Back when I had the full-blown lesions, I had a few surgically removed; after that, I started used topical echinacea and comfrey creams, combined with anti-acne soap, and reached the stage where I'm nearly well. I'm almost certain that the echinacea works, less so about the comfrey. I would love to hear about other possible treatments, though I suspect most people just go for curettage or cryosurgery.
posted by anonymous to Health & Fitness (6 answers total)
Molluscum contagiosum has come up before on AskMe; that previous thread, though it talks about a different issue in re the disease, might be helpful.
posted by mcwetboy at 2:24 PM on June 1, 2005

It's basically harmless and easily treated with liquid nitrogen, so I don't really see what the big deal is - unless you're getting like hundreds or thousands of them.
posted by matildaben at 2:33 PM on June 1, 2005

If you infect your friend without telling her, then it is a big deal. I would tell her about it asap, tell her you're at the end of the cycle and it should clear up soon. Give her links to information about the virus, and tell her about your own experiences. If she gets this virus, and finds out you knew you were contagious and didn't warn her, then that would just about be the end of your relationship, I imagine.
posted by muddgirl at 3:01 PM on June 1, 2005

Well, anon, I think you already know what you have to do, and right now you're just working your way around it. It's hard. It's a complete pain. It'll be an uncomfortable conversation. Tell her sooner rather than later. Once you tell her, you'll feel great -- it'll be off your chest. She'll probably stick around, and if she doesn't, then it's her loss.

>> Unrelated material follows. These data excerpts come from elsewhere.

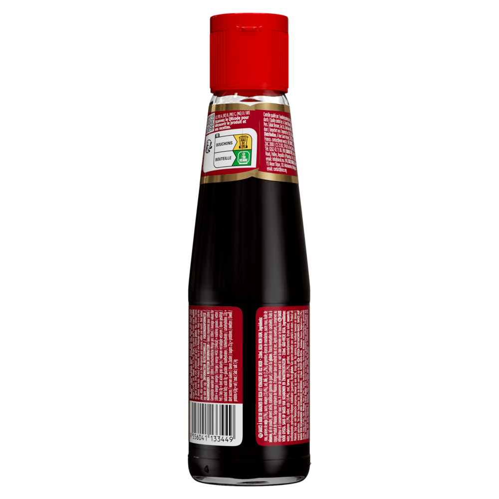 Eau, graines de soja (13%), sucre, vinaigre (10,4%), sel, blé, riz (1,2%), gingembre, écorce de mandarine, sucre roux, huile de sésame, ail en poudre, piment séché, stabilisant (gomme de guar).
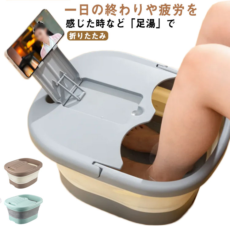 ■フットバス 足湯 足浴器 折りたたみ フットケア 蓋付き スマホスタンド付き リラックス マッサージローラー フットバスボウル 足湯グッズ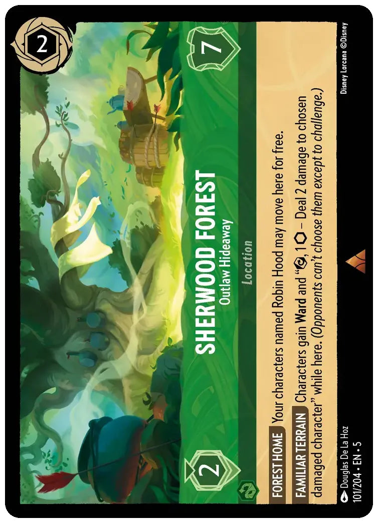 Characters gain Ward and "Exert, 1 ink – Deal 2 damage to chosen damaged character" while here. (Opponents can't choose them except to challenge.)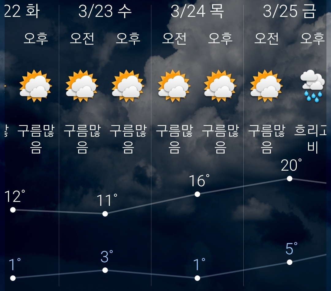 지난 주 비가 푹 오면서부터 최저기온이 슬쩍 내리기 시작한 것 같은데, 금주가 이렇고 내주는 최저기온도 약간 오릅니다. 그렇게 끌고 밀면서 봄이 오겠죠.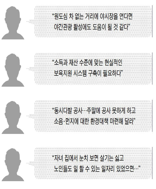 환경문제에 대한 불만도 쏟아냈다. 한 유권자는 "최근 집 일대에 각종 공사가 동시다발적으로 진행되면서 주말에도 아침부터 이어지는 공사 소음에 잠에서 깨고 먼지 때문에 창문을 열지 못하는 등 불편을 겪고 있다"며 "최소한 주말에 공사를 하지 못하게 하고 소음·먼지에 대한 환경대책을 마련해달라"고 요구했다.

The thing is, there are diseases out there, and there are viruses and such, and some are worse than others. The little I know about MCV makes me feel like it's on the lesser end of things you can transmit to someone. Please, don't beat yourself up about it, and don't feel ashamed. It goes away eventually, it's not life-threatening, it won't make you sterile. Of course, be careful and kind with those around you, but keep it all in perspective. And tell her. I bet you it'll all be good.
posted by incessant at 4:22 PM on June 1, 2005

I'd just say something like "I've had this weird skin thing for a while, and it's getting a lot better, but it is contagious so we have to be careful so I don't give it to you." Then she can ask for more details and you guys can have a conversation about it.

I used to get warts a lot and I would just say "I'm gonna keep that one sock on because I have a wart and I don't want to spread it to you, gross, huh?" and then we would laugh because keeping one sock on is funny. Can you cover your lesions with band-aids or something to help keep the virus contained to you and only you?

Try not to be so ashamed about it. If you got the chicken pox and then accidentally gave someone else the chicken pox, well, that wouldn't be the end of the world, nor would it make you disgusting and unlovable. Try to keep your skin in perspective.
posted by bonheur at 4:28 PM on June 1, 2005

She might stay with you if you tell her before you've given it to her; she sure as hell won't if she finds out after. Tell her. If you care for her, you'll tell her.